Single by Cir.Cuz

from the album Alt I Sin Tid
- Released: 17 October 2011
- Recorded: 2011
- Genre: Pop
- Length: 3:09
- Label: Cosmos Music Group

Cir.Cuz singles chronology
| "Den Eneste" (2011) | "Diva" (2011) | "Gatelys" (2012) |

= Diva (Cir.Cuz song) =

"Diva" is a song by Norwegian hip-hop/rap duo Cir.Cuz from their debut studio album Alt I Sin Tid. It was released on 17 October 2011 as a digital download in Norway. The song peaked at number 20 on the Norwegian Singles Chart.

==Music video==
A music video to accompany the release of "Diva" was first released onto YouTube on 8 November 2011 at a total length of three minutes and six seconds.
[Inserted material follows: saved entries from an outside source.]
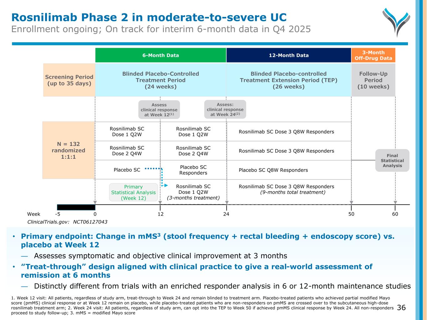 Rosnilimab Phase 2 in moderate-to-severe UC Enrollment ongoing; On track for interim 6-month data in Q4 2025 Blinded Placebo-controlled Treatment Extension Period (TEP) (26 weeks) Screening Period (up to 35 days) Follow-Up Period (10 weeks) Week -5 0 12 24 Rosnilimab SC Dose 1 Q2W Rosnilimab SC Dose 2 Q4W Placebo SC Rosnilimab SC Dose 1 Q2W Rosnilimab SC Dose 2 Q4W Placebo SC Responders Rosnilimab SC Dose 1 Q2W (3-months treatment) N = 132 randomized 1:1:1 Final Statistical Analysis ClinicalTrials.gov: NCT06127043 Rosnilimab SC Dose 3 Q8W Responders Rosnilimab SC Dose 3 Q8W Responders Placebo SC Q8W Responders Rosnilimab SC Dose 3 Q8W Responders (9-months total treatment) 50 60 Primary Statistical Analysis (Week 12) Blinded Placebo-Controlled Treatment Period (24 weeks) Assess: clinical response at Week 24(2) Assess clinical response at Week 12(1) 6-Month Data 3-Month Off-Drug Data 12-Month Data • Primary endpoint: Change in mMS3 (stool frequency + rectal bleeding + endoscopy score) vs. placebo at Week 12 ― Assesses symptomatic and objective clinical improvement at 3 months • “Treat-through” design aligned with clinical practice to give a real-world assessment of remission at 6 months ― Distinctly different from trials with an enriched responder analysis in 6 or 12-month maintenance studies 1. Week 12 visit: All patients, regardless of study arm, treat-through to Week 24 and remain blinded to treatment arm. Placebo-treated patients who achieved partial modified Mayo score (pmMS) clinical response or at Week 12 remain on placebo, while placebo-treated patients who are non-responders on pmMS are crossed over to the subcutaneous high-dose rosnilimab treatment arm; 2. Week 24 visit: All patients, regardless of study arm, can opt into the TEP to Week 50 if achieved pmMS clinical response by Week 24. All non-responders proceed to study follow-up; 3. mMS = modified Mayo score 36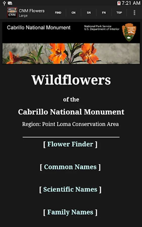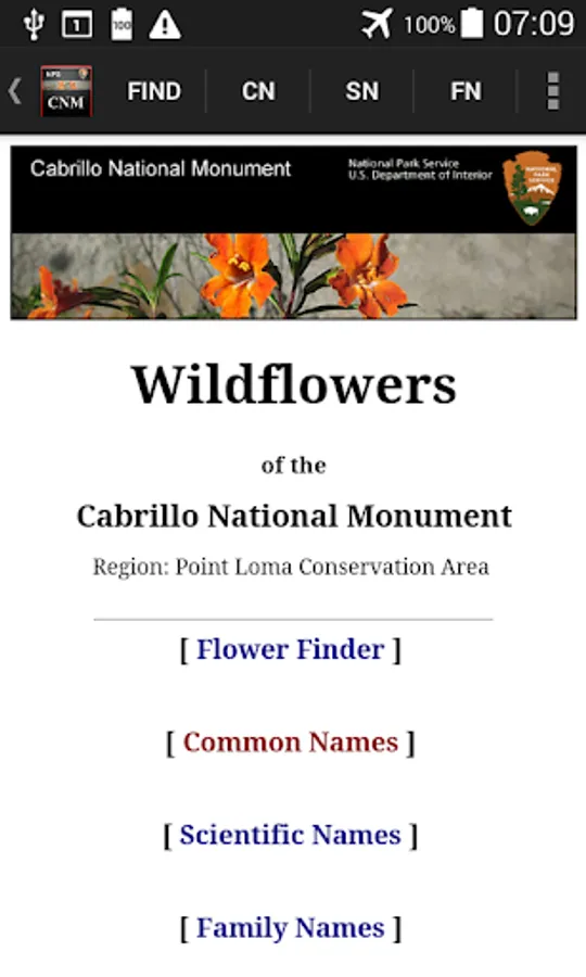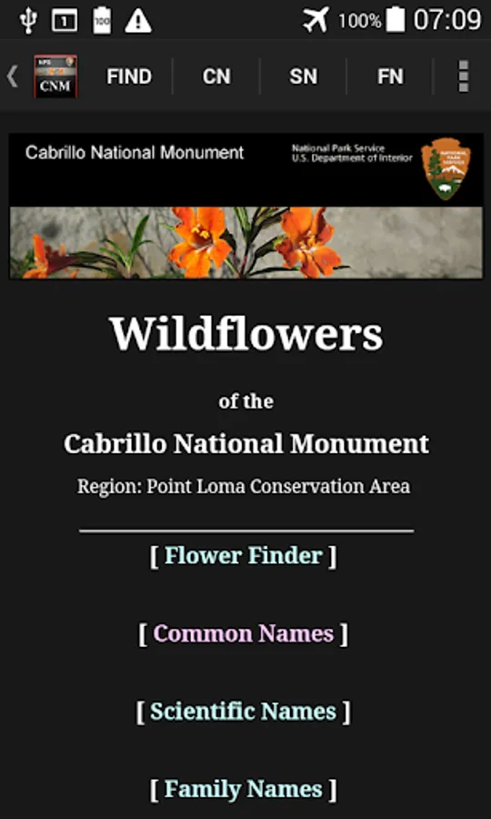 The National Park Service invites you to take along a virtual botanist the next time you visit the Cabrillo National Monument. With almost 350 plants and 2500 photos, this App offers both novice and advanced wildflower enthusiasts the opportunity to identify common and rare plants while exploring remote areas of the Cabrillo National Monument.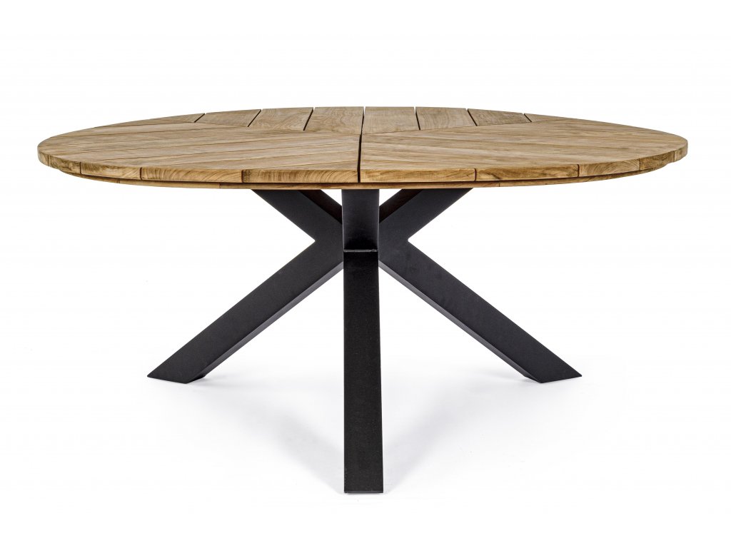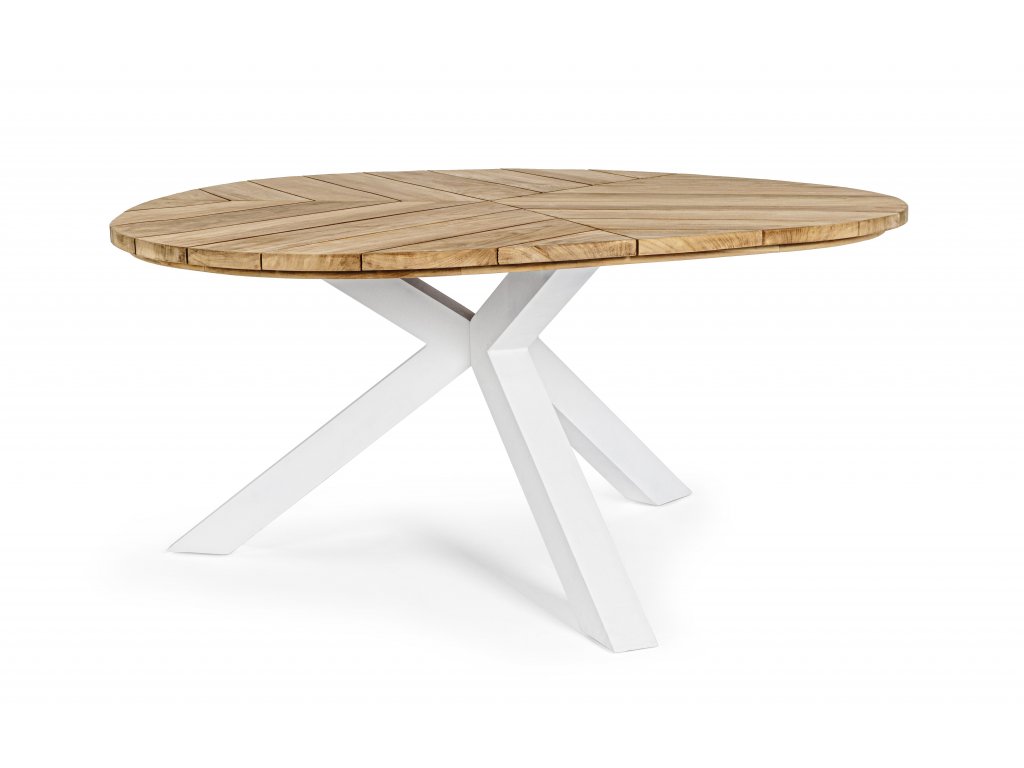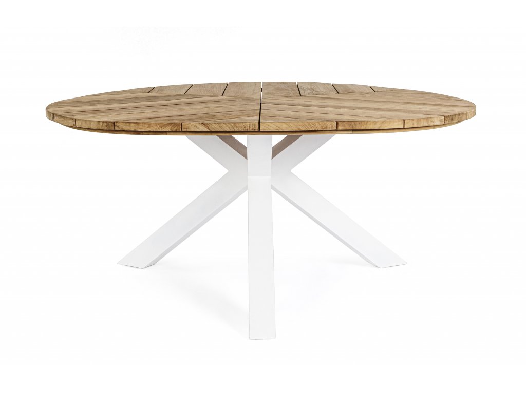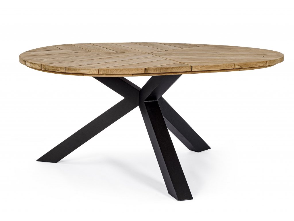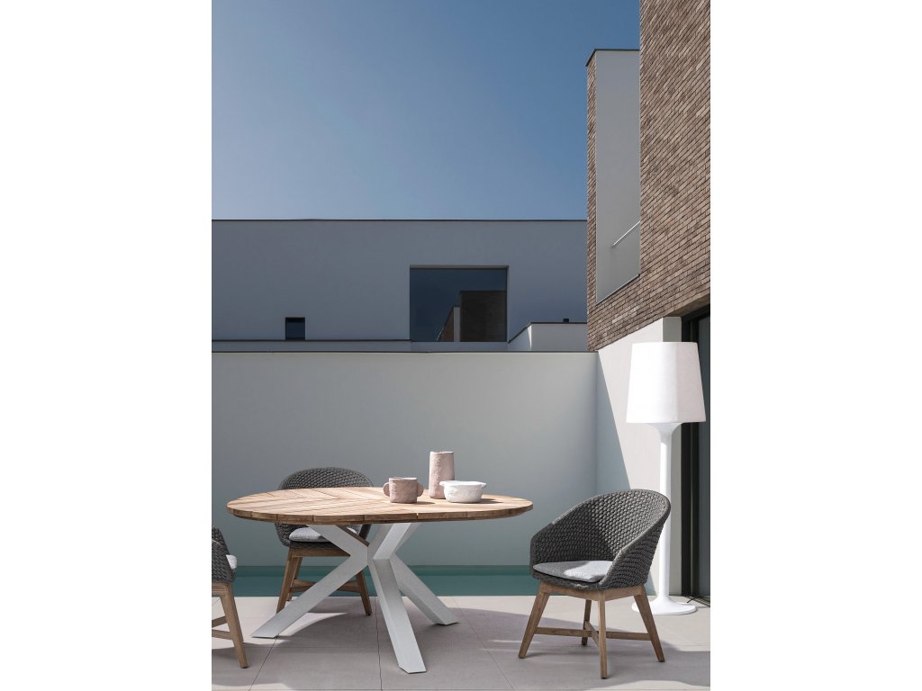 Vnější jídelní stůl z kolekce nábytku PALMDALE. Stolová deska unikátního trojúhelníkového tvaru s oblými hranami je vyrobena z kvalitního masivního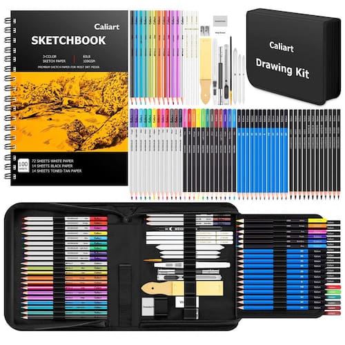 Tudo em um kit de arte O conjunto de lápis de desenho Premium inclui 12 lápis de grafite, 12 lápis de cor, 12 lápis de aquarela, 12 lápis de carvão, 3 lápis de carvão branco, 12 lápis metálicos, 3 tocos de papel de mistura, caneta de pincel de água recarregável, estojo de viagem e mais Cada lápis é marcado com nome e número de cor e pré afiado. 76 peças de acessórios de ferramentas de arte mais um bloco de desenho de 100 folhas, total de 176 peças Perfeito para desenhar, esboçar, sombrear, misturar.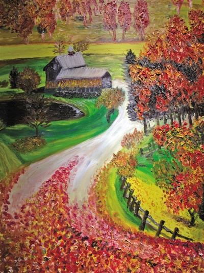 父母有意识地引导他,有时候拿一张风景照让他临摹,他只要五六分钟,便把整幅画面的轮廓勾勒出来了,再加上他的自由发挥,每一幅画都成了一幅灵动而有意境的好作品,连很多正常人都难以企及。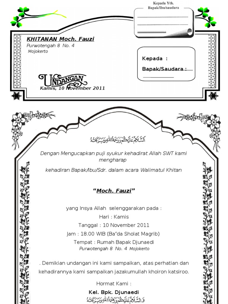 Di artikel ini juga anda bisa download desain undangan pernikahan format doc dan cdr bisa diedit. Contoh undangan khitanan yang bisa di edit bertemu lagi yah kali ini admin akan membagikan beberapa contoh udangan khitanan yang bisa di edit oleh semua kalangan. Model undangan panitiadoc 35. Hari ini team gelas pecah iseng membuat format undangan khitanan terbaru yang juga bisa digunakan untuk undangan walimatul khitan ms word doc psd cdr. Pasti kamu lagi sibuk sibuknya mempersiapkan segala sesuatunya demi lancarnya acara pernikahanmu nanti. Karusel sebelumnya karusel berikutnya.

The video was directed by Frederic Esnault and produced by Eivind Taksrud.

==Track listing==

Digital download
| No. | Title | Length |
|---|---|---|
| 1. | "Diva" | 3:09 |

==Chart performance==

| Chart (2011) | Peak position |
|---|---|
| Norway (VG-lista) | 20 |

==Certifications==

Certifications for "Diva"
| Region | Certification | Certified units/sales |
| Norway (IFPI Norway) | 2× Platinum | 20,000^{*} |
^{*} Sales figures based on certification alone.

==Release history==

| Region | Date | Format | Label |
|---|---|---|---|
| Norway | 17 October 2011 | Digital download | Cosmos Music Group |

==See also==
- "Radio"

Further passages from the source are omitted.